The Proponent commits a blatant equivocation fallacy by conflating 'almost exclusively' with 'all,' yet Source 5 (USDA ERS) itself explicitly acknowledges that U.S. almonds constitute only 'nearly 80 percent of global supply,' which by logical necessity means roughly 20 percent is produced elsewhere — a figure hardly 'marginal.' Furthermore, the Proponent dismisses Sources 1 and 2 (FAOSTAT) as representing merely limited production, yet those authoritative FAO datasets document Spain, Australia, Turkey, and Morocco collectively producing hundreds of thousands of tonnes annually, a scale that no rigorous standard of evidence could characterize as negligible or compatible with the absolute claim that 'all' almonds originate in California.
Argument against
The claim that 'all almonds are grown in California' is demonstrably false, as Source 1 (fao.org) and Source 2 (FAOSTAT) confirm that multiple countries — including Spain, Australia, Turkey, and Morocco — collectively produce over 4 million tonnes of almonds globally, with the U.S. accounting for only a portion of that total. Source 8 (World Population Review) further corroborates this with specific 2022 production figures showing Australia at 360,328 tonnes, Spain at 245,990 tonnes, and numerous other nations contributing significantly, making the claim that California produces all almonds factually indefensible.

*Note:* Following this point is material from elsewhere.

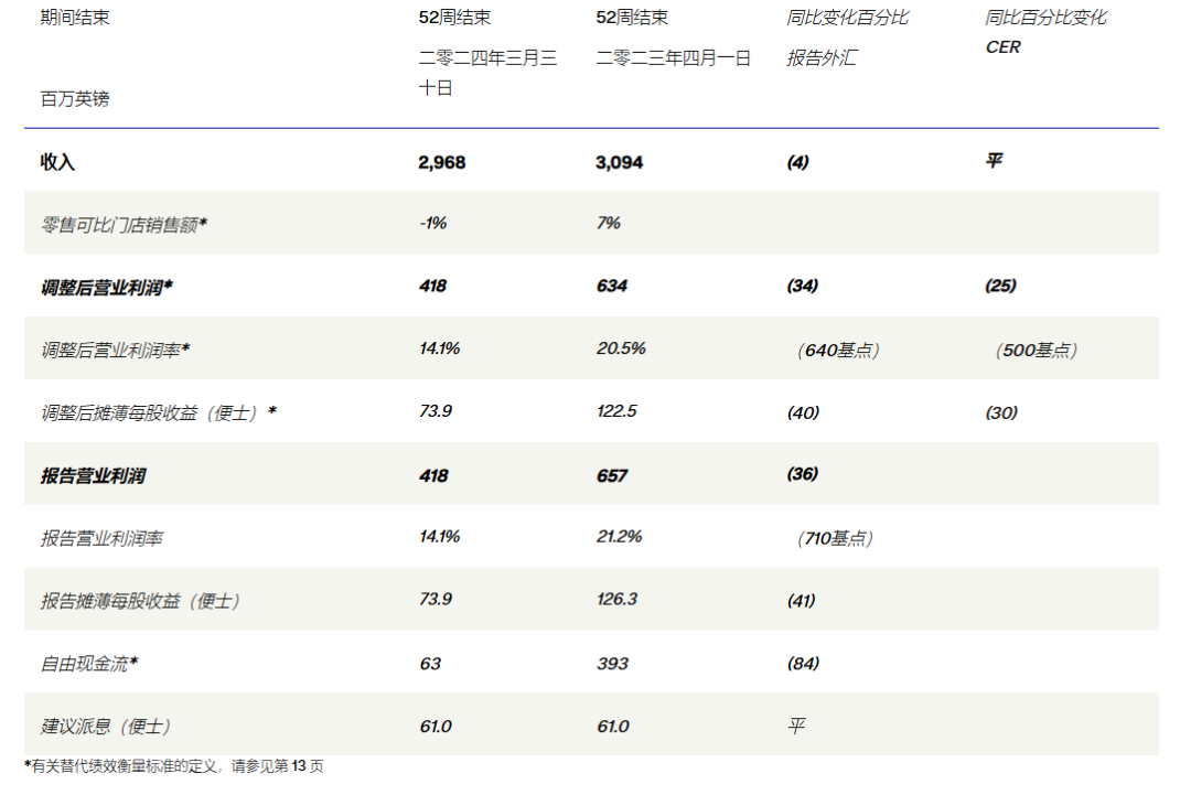 在天貓平臺上頻頻打折促銷的巴寶莉不僅未能拉動業(yè)績增長,反而還在反噬業(yè)績。2023年Q4,其在中國大陸整體銷售額較2022年同期下降12%,整個2024財(cái)年巴寶莉營收下滑4%。調(diào)整后營業(yè)利潤環(huán)比下降25%。

The Opponent's argument commits a category error by treating “almonds” as a global commodity while the evidentiary dispute in the brief centers on where U.S.-produced almonds are grown; USDA ERS explicitly states U.S. almonds are grown “almost exclusively in California” (Source 5, USDA ERS), and USDA NASS's official production reporting operationalizes almond production at the state level as a California series (Source 3, USDA NASS). Moreover, the Opponent's reliance on World Population Review (Source 8) is weaker and unnecessary given that the authoritative FAOSTAT/UNdata materials already establish non-U.S. production (Sources 1–2, FAOSTAT; Source 4, UNdata), which at most refutes a literal reading but does not undermine the practical-truth framing supported by the U.S. government sources (Sources 3 and 5).